Эта в общем даже не оригинальная история ее совершенно очаровала. По необъяснимой причине.
– Было принято решение рассказать обо всем отцу. Глава семейства лично поднялся в мансарду, осмотрел заколоченное окно… доски держались крепко… обыскал убого обставленное помещение, допросил опальную дочь. Но не обнаружил ровным счетом ничего. Никаких следов пребывания постороннего мужчины. И ничего вразумительного не услышал. Испуганно моргая глазами, девушка повторяла: «Здесь только я и ветер, я и ветер». Но это и так все видели.
– Может, она была… ну… чревовещатель или как это называется…
– Слушай дальше, – строго сказала Лера. – Несколько ночей подряд хозяин дома, его сын и брат дежурили под дверью импровизированной темницы, и когда наконец услышали доносящийся изнутри низкий голос, ворвались внутрь с фонарями, топорами и вилами, крича, что убьют вора на месте, если он окажет сопротивление. Они увидели бледное, искаженное ужасом лицо девушки, сидящей в постели и обеими руками натягивающей одеяло на грудь, услышали ее пронзительный крик… и после этого все фонари разом погасли. Несколько минут мужчины бестолково метались по комнате, опустив топоры и вилы, чтобы не поранить друг друга в темноте, наконец брат хозяина закричал: «Я поймал его! Скорее сюда! Я его держу!» Хозяин и его сын кинулись в ту сторону, откуда доносился призыв, столкнулись лбами… точнее, их столкнули чьи-то сильные руки… упали на пол, вскочили и, вне себя от ярости, принялись наносить удары направо и налево. Мужские и женские крики смешались в дикий, душераздирающий хор. Когда мать семейства и две дочери, ожидавшие развязки драмы у подножья лестницы, примчались на шум с зажженными фонарями, их взорам открылась страшная картина. Хозяин дома и его брат лежали посреди комнаты в огромной луже крови. У одного топором был проломлен череп, у другого вилами пробита грудная клетка. Сын стонал в углу, зажимая ладонью правый глаз, которого, судя по струящейся крови, лишился. Никаких чужих мужчин в пределах видимости не наблюдалось.
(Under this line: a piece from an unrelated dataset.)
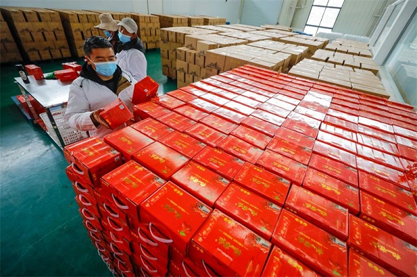 Des ouvriers préparent des boissons à base de Malus transitoria dans un atelier d'emballage d'une entreprise alimentaire du comté de Daofu, dans la province du Sichuan (sud-ouest de la Chine), le 10 mars 2024. (Shen Bohan / Xinhua)

– А девушка? – спросила Нора, заранее зная ответ.
– Девушка лежала бездыханная на своей постели. На ней не было ни царапины.
– От чего же она умерла?
– Прибывший из Архангельска врач констатировал смерть от сердечного приступа.
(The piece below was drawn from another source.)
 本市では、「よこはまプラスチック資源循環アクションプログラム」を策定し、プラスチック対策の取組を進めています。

– Ветер? – задумчиво произнесла Нора. – Возможно, девушка не лгала.
– Что ты имеешь в виду?
Но она пока не могла сформулировать это четко и внятно.
Кажется, Сократ говорил, что душа – это ветер…
Ветер.
Когда у Германа день рождения? Пятого февраля. Что это за день? Пятнадцатый градус Водолея, точка Ангела.
– Помнишь, во времена твоего увлечения астрологией ты рассказывала мне о четырех точках на зодиакальном круге, соответствущих четырем евангелистам и…
– …четырем мистическим фигурам, – подхватила Лера. – Точка Быка, точка Льва, точка Орла и точка Ангела. Помню, конечно! Их еще называют Вратами схождения Аватар или точками высвобождения космической энергии. А ты почему вспомнила о них сейчас?
– Если не ошибаюсь, человек, Солнце которого находится в одной из этих точек, считается обладателем выдающихся способностей или необычной судьбы… в индуизме аватара – это бог, воплотившийся в смертное существо ради спасения мира, восстановления закона или защиты своих приверженцев.
– Но при чем тут девушка и ветер? – допытывалась Лера. – Не вижу связи.
Нора только вздохнула. Слишком сырые мысли, чтобы ими делиться. Может быть, позже.
К ужину они успели. Нора уже сидела за столиком в обеденном зале общей столовой на первом этаже Барака. Ей хотелось расспросить Германа поподробнее о поездке на Долгую губу, но не хотелось делать это в присутствии Аркадия, поэтому она вежливо отклонила предложение хозяев отужинать в Белом доме и, шепнув своему ненаглядному, чтобы он поторапливался, пошла занимать место в столовой.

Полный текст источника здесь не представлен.